I probably suck at those two things just as much as I suck at housekeeping or appearances.
But I think getting good at those two things has a lot more potential to get us where we want to go than housekeeping or appearances ever did.
And there has been an interesting side effect to this view of ‘adulting’…
I definitely judge people much less than I used to.
I don’t bother judging other peoples’ workouts anymore, for example—why don’t they do anything besides one and two rep sets? I don’t care. It’s their choice if that’s what they want to do. We can coexist and have different workouts. I won’t throw shade until they do something that affects me personally (like not racking their weights—you people still are not safe from the shade).
Or whether, how, and with whom people have decided to have those uncomfortable conversations.
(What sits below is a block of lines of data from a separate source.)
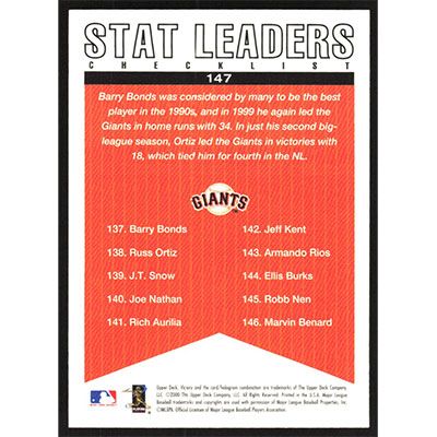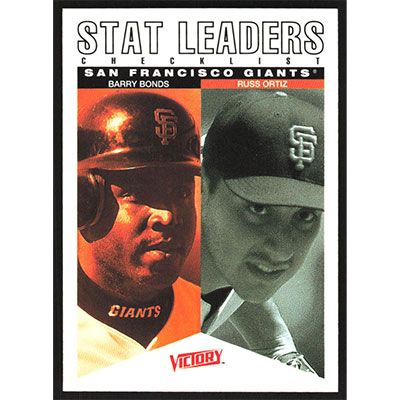 This is a 2000 Upper Deck Victory Barry Bonds and Russ Ortiz Team Leaders Checklist baseball card. The card is #147 and pictures show condition. Team(s): San Francisco Giants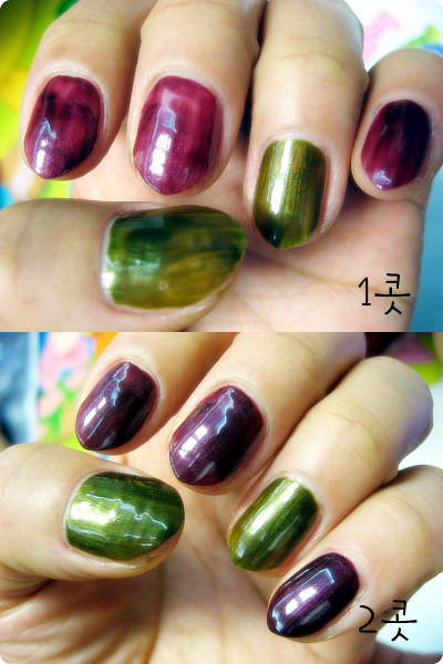 발랐는데;;;; 살짝 컬러들이 밀리는 느낌이예여~2콧째는 괜찮구여~!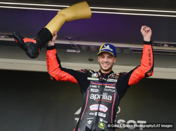 rotzdem zeigte der Italiener einen perfekten Samstag. Am Vormittag eroberte er nach Österreich seine zweite Poleposition als Aprilia-Fahrer und kämpfte am Nachmittag mit Marc Marquez um den Sieg, bis der Ducati-Fahrer in der sechsten Runde stürzte.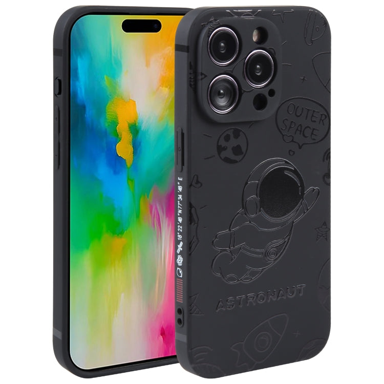 Funda para Teléfono iPhone 16 Pro Silicona Borde Recto Patrón Astronauta (Negro)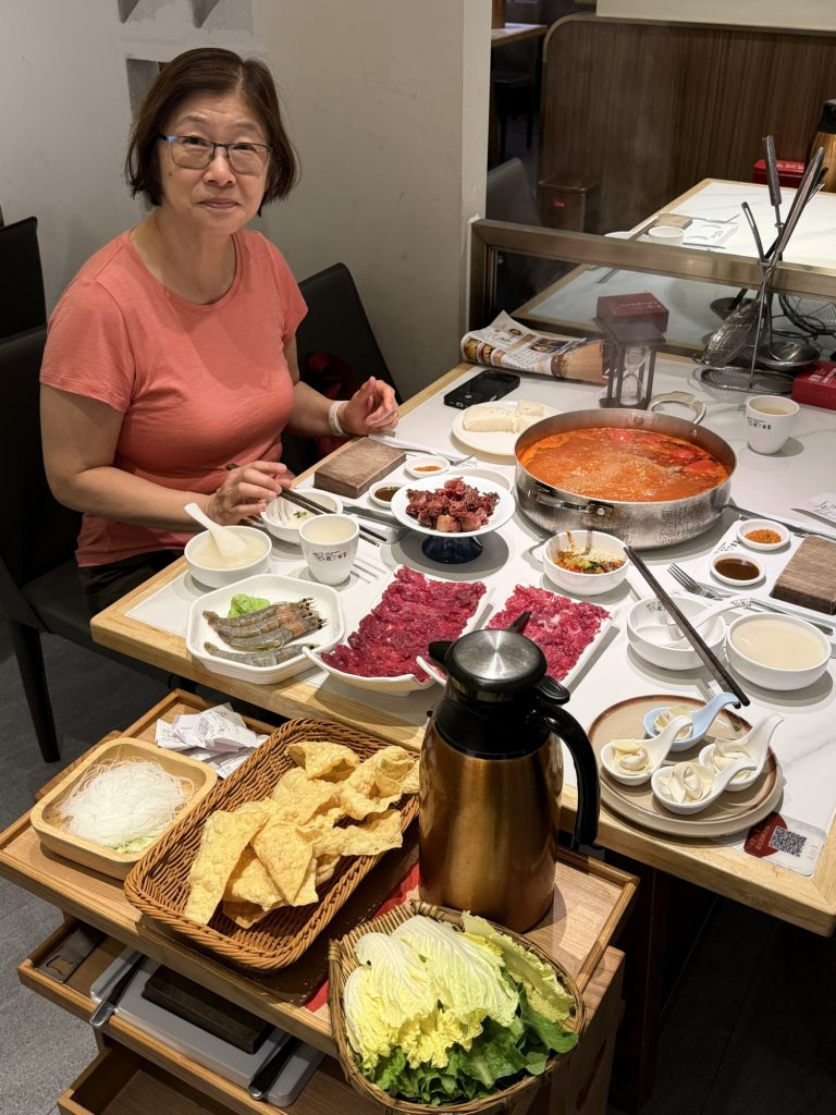 Had essentially a steamboat but with bells and whistles. Two sorts of beef plus beefsteak on dry ice and egg timer to say when cooked, prawns, dumplings, tofu skin, lettuce etc etc. and a DIY dipping sauce. All lovely (except something like dried pork bones)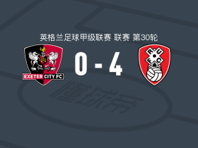 罗瑟汉姆4-0大胜埃克塞特城,麦克威廉斯1传1射,哈里-格雷破门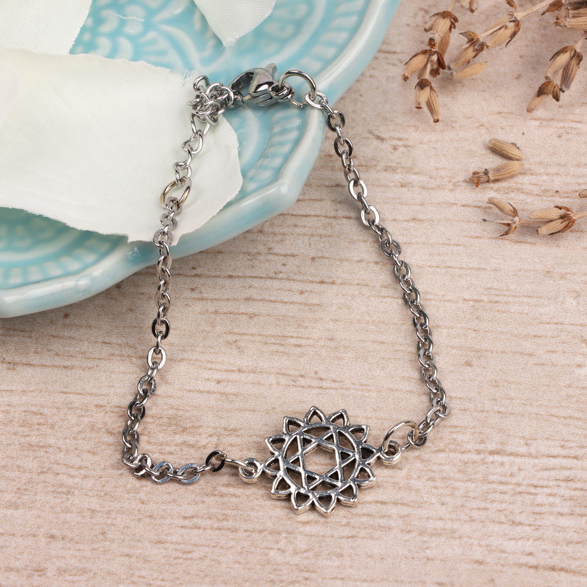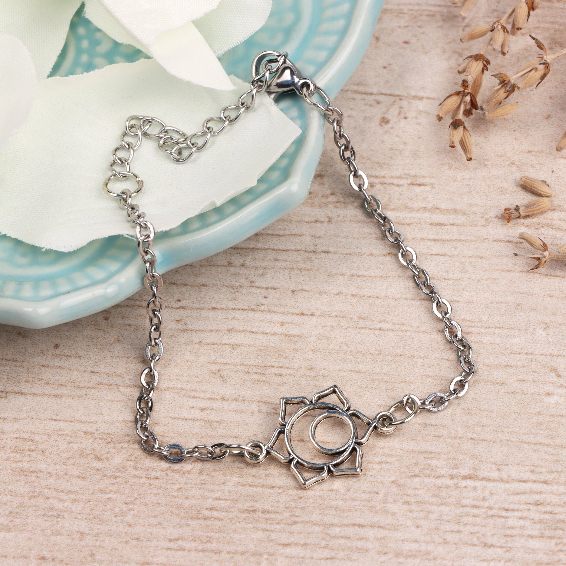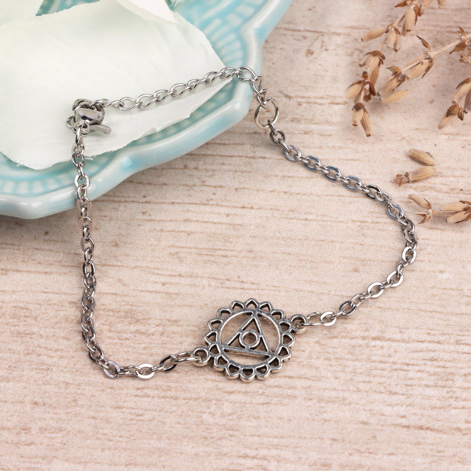 Make a statement with this bracelet, an eye-catching piece of jewellery to represent your inner strength. Featuring a chakra symbol as a pendant, this beautiful bracelet has a lobster claw closure for easy wear and is a perfect way to show off your spiritual side.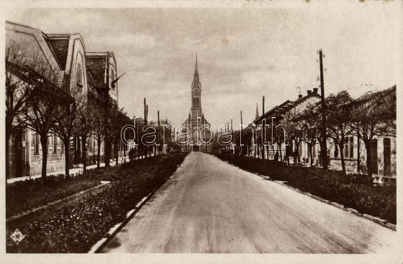 Leírás: Budapest XIX. Kispest, Római katolikus templom, főutca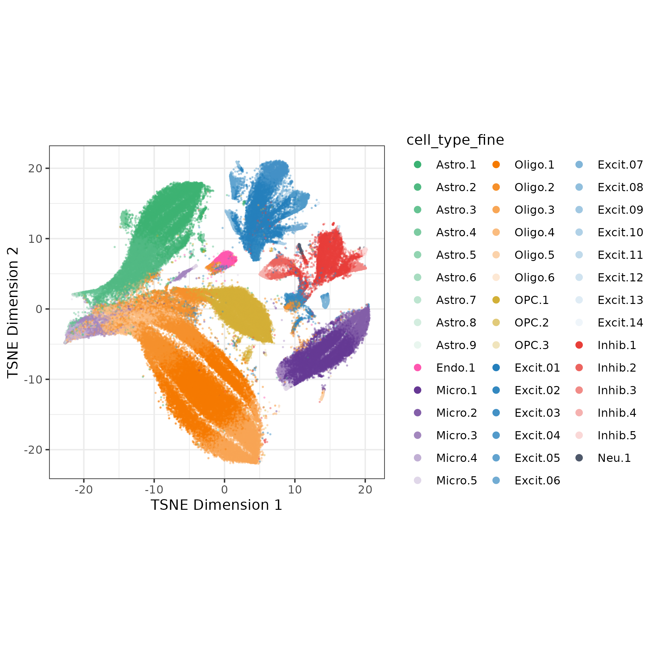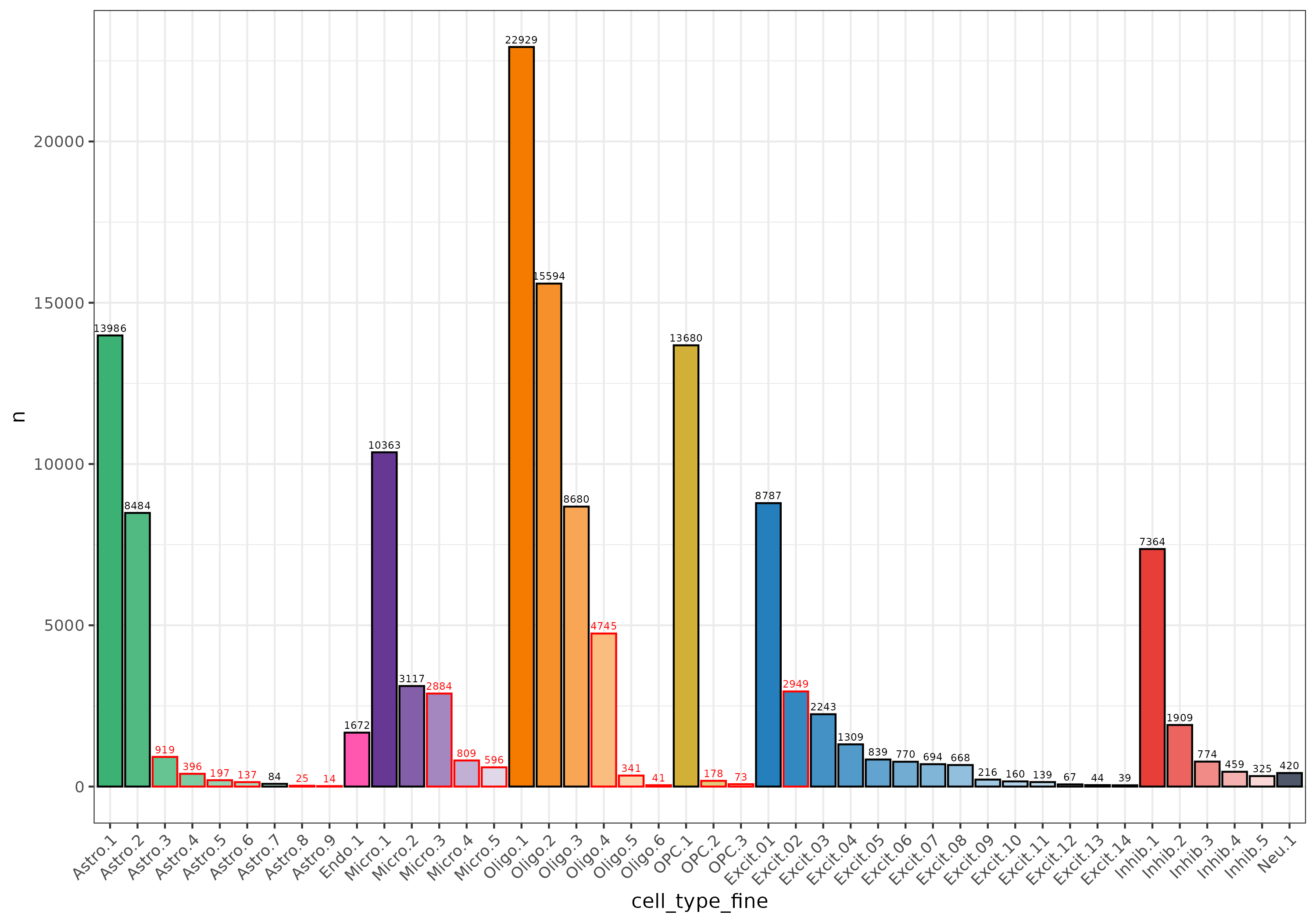 I also assigned cell_type_fine as a combination of cell_type_broad and rank of number of nuclei within a cell type (so the Astrocyte cluster with most nuclei is Astro.1). Now I have a name and cell type annotation for all 44 clusters! ✅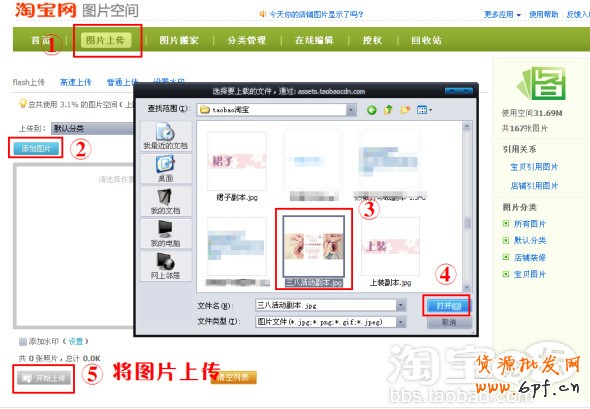 到淘寶免費提供的1G圖片空間里將圖片上傳。。(友善提醒:一鉆以前的“圖片空間”可以免費提供1G的空間哦,但是好像不接受外鏈,裝修店鋪的時候也是個可以利用的好地方~O(∩_∩)O。。)

Maybe I personally think they should just do it already, but maybe I don’t understand all of the consequences.
We’re all just trying to deal with reality the best way we know how. Maybe we learn better ways over time, but it does take time.
So, actually, so what if my dining room is empty? So what if my landlord got stuck in a roomful of my lacy laundry?
There’s other things to shoot for,
like pull-ups and apps and vacations,
and sticking up for people,
and saying I’m sorry,
and being honest about who I am.
I’m sure the failures in adulthood will continue. But this time they feel much more purposeful.